Samvad-per

Post-Pandemic Mental Health in India

Simantini Ghosh

An ecological model of mental health, as adapted from the WHO Report on Violence and Health (2002)

The COVID-19 pandemic has been referred to as the most significant global stressor, comparable in magnitude to World War II or the Great Depression of the 1930s. From a mental health perspective, the experience of the pandemic, the associated psychosocial changes, and economic instability have all had negative effects on mental health and well-being. Research has also shown that large scale traumatic events lead to compromises in well-being at the individual, as well as collective level. This necessitates the need for an ecological model of mental health. An ecological model analyses determinants of an outcome at several different levels – societal, interpersonal, and individual – and posits that the outcome is a result of interactions of factors at all these levels. In this context, the impact of the pandemic on people in developing nations like India has been even more severe.

Despite multiple legislations and a comprehensive mental health policy, a lot still needs to be done in terms of implementation, outreach, and intervention. It is stipulated that one in seven Indians live with mental illness. Further, the first National Mental Health Survey pegs the treatment gap to range between 70-92 per cent depending on the typology of illness. These gaps have most likely widened due to the pandemic.

India suffered two waves of the pandemic, with the second wave being extremely devastating. At its peak, it left Indians struggling for access to basic medical care and treatment. In the case of families who lost their loved ones to the disease, regulations led to specialised disposal of the deceased, without families being able to perform last rites. Trivial as rites may sound in face of a serious pandemic, psychologists have always maintained that funeral rites help friends and family to cope with the grief from losing a loved individual and ultimately provide closure. In the absence of this process, there is bound to be a mass of unresolved trauma in a significant section of the populace.

Previous research argues that if a community sustains any form of structural or direct trauma, however contextual and isolated, that can lead to collective victimhood. It can be argued that the pandemic faced by Indians has elements of shared emotions and a sense of loss which are some of the hallmark features of collective trauma. This is concerning given the disproportionate effect the pandemic has had on vulnerable groups such as migrant labourers, urban slum dwellers, and workers in the informal sector.

Almost every aspect of one’s life is impacted by their social position, as determined by socioeconomic class, caste, and gender. The rights-based model assumes that one’s mental health is expressed in terms of their ability to achieve their potential, cope well with daily stressors, work productively, and be well integrated in one’s own community. Access to quality healthcare, housing, as well as social justice thus, become integral determinants of mental health. In India, the intersections of gender, caste, and class determine one’s access to all of the above.

Among all the axes of inequality, the two most prominent that the pandemic has further deepened are those of gender and socioeconomic class. Recent reports suggest that over 120 million people have been pushed to poverty because of the economic fallout from the pandemic. Income and gender inequalities that existed in India even before the pandemic have become starker. Women have been disproportionately affected, both in terms of economic hardship and increased burden of housework and childcare. In addition, there has been a surge of pandemic facilitated violence against women. Conversely, it would be important to explore the strength of family relationships and intracommunity bonds and their role in collective coping and resilience, gaining access to resources, and in collective acts of volunteering and participation in local COVID relief work.

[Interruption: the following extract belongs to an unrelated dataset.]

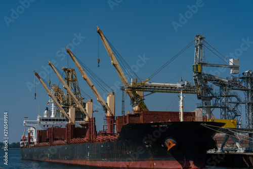 yellow dockside cranes and a black ship at the industrial harbour in Rostock

Despite the fact that India’s Mental Health Care Act adopts a rights-based model, existing measures continue to focus on psychological distress at the individual level. No comprehensive ecological assessment of mental health has been undertaken as of now. The understanding of mental health is hardly existent across different social groups, and mental illness has significant taboo attached to it still.

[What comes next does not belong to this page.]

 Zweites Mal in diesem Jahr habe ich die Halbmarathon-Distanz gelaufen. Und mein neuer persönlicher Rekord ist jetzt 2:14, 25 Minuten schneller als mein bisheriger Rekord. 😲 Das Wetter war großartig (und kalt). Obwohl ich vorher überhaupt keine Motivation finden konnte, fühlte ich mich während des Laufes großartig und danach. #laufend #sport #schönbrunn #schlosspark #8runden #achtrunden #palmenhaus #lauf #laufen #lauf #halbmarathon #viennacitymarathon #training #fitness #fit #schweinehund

At the Department of Psychology at Ashoka, Prof. Rashmi Nair and I are working on a collaborative project to study how the pandemic has been experienced across gender and socioeconomic classes. We ultimately want to zero in on key determinants of mental health using an ecological model.

Simantini Ghosh is Assistant Professor of Psychology. Her research interests lie in understanding how chronic stress affects the mind, and the various components that underlie stress responses.

It can be argued that the pandemic faced by Indians has elements of shared emotions and a sense of loss which are some of the hallmark features of collective trauma.